Kerry’s Peace and the Arab Spring
When a few Arab nations revolted against their dictators beginning in late 2010, Washington feared it was losing leverage in the Middle East, and rapidly so. The Iraq war was unceremoniously folding, rebranded as neither a victory nor defeat. The United States was considering other regions in the world where China was gaining ground: the Asia-Pacific, and South China Sea, among others. While Latin America was moving in a direction of its own, with an independence unheard of since the Monroe Doctrine gave the United States exclusive hegemony over the region beginning in 1823, some African nations seemed to be waking up to the fact that the Western hemisphere was not the only possible economic partner. China was quickly gaining ground in the continent, as well. And suddenly, the Middle East was slipping away in ways that neither the White House, the State Department, nor the Pentagon or various US intelligence agencies had expected or understood.
The Americans quickly tried to manipulate whatever leverage they had in the Middle East to ensure the outcome of the upheavals would not jeopardize their economic and political interests. Expectedly, they resorted to the same predictable option: the peace process. It was their tried and true platform to exert pressure, become relevant, and exercise a level of leadership. Surely neither Kerry nor Obama truly believed that justice for Palestinians was at hand, or that they were capable of doing what their predecessors had failed to achieve.

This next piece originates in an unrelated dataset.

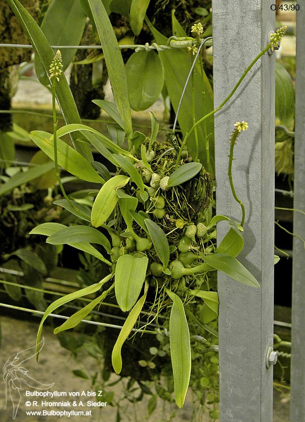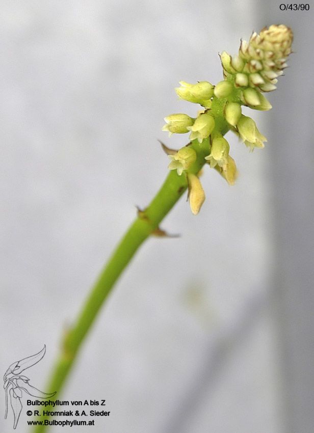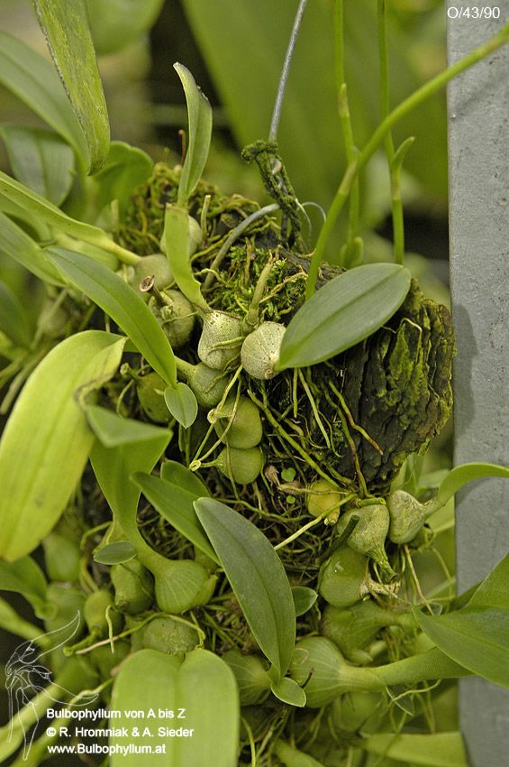 Found in penninsular Malaysia, Java, Sumatra, Borneo, The Philippines and Christmas Island in hill and lower montane forests at elevations of 500 to 1600 meters as a miniature sized, hot to warm growing epiphyte on tree trunks or as a lithophyte on rocks with hershey kiss-like, light green, obtusely angular pseudobulbs enveloped almost completely by a from the base small, leaf-like sheath and carrying a single, apical, narrowly lanceolate, obtuse leaves and blooms in the fall, winter and spring on a basal, erect, 4.2" to 12" [11 to 30 cm] long, terete, densely many flowered inflorescence with shortly triangular, concave and acute floral bracts carrying the scarcely opening flowers in an apical conical head.
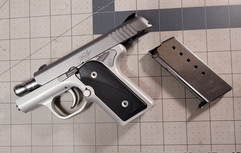 The Kimber SOLO CARRY STS is sold as a pocket pistol – chambered in 9mm – 6 plus one in the chamber – yes siree Bob – 7 rounds of 9mm on tap – super high tech – if it will run more than 3 rounds . . .

The Palestinian Authority’s Dilemma
While Israel thrives in situations where it is allowed to preach about peace, yet carry on with its colonial ambitions unhindered, the Palestinian Authority has had no choice but to play the American game. On the one hand, the Arab Spring had thus far wrought disaster for Palestinians in Syria, Egypt, and Gaza. “It is good that Palestine is not located next to Tunisia and Yemen, otherwise the Palestinians would be obliged to pay the double price of the Arab Spring,” wrote Abdalhadi Alijla. The ‘spring’ had in fact contributed to Palestinian division and political seclusion. On the other hand, the PA was itself a product of the ‘peace process.’ Its budget, relevance, and very political validation have been driven by the US-led process, which the Palestinian leadership knows full well is a farce. If the PA were to decline to participate in the American theater, they would forfeit the very basis for their existence.
Of course, the PA itself was wary, if not fearful of the potential disaster the ‘Arab Spring’ could bring about, hence Mahmoud Abbas’ call for an Arab Spring against Israel in July 2011, and former PA Prime Minister Salaam Fayyad’s statement that he was ‘willing to resign’ in response to public demands. For a while, the PA attempted to escape forward through its UN initiative to achieve international recognition for a Palestinian state. All of this allowed Abbas to win time. Then, the peace process provided another escape route, a platform for posturing about Palestinian rights and aspirations.
Now that Kerry’s deadline for a ‘framework agreement’ is approaching, all parties must be preparing for all possibilities. Ultimately, the Americans are keen on maintaining the peace process charade; the Palestinian Authority is desperate to survive; and Israel needs to expand settlements unhindered by a Palestinian uprising or unnecessary international attention. But will they succeed?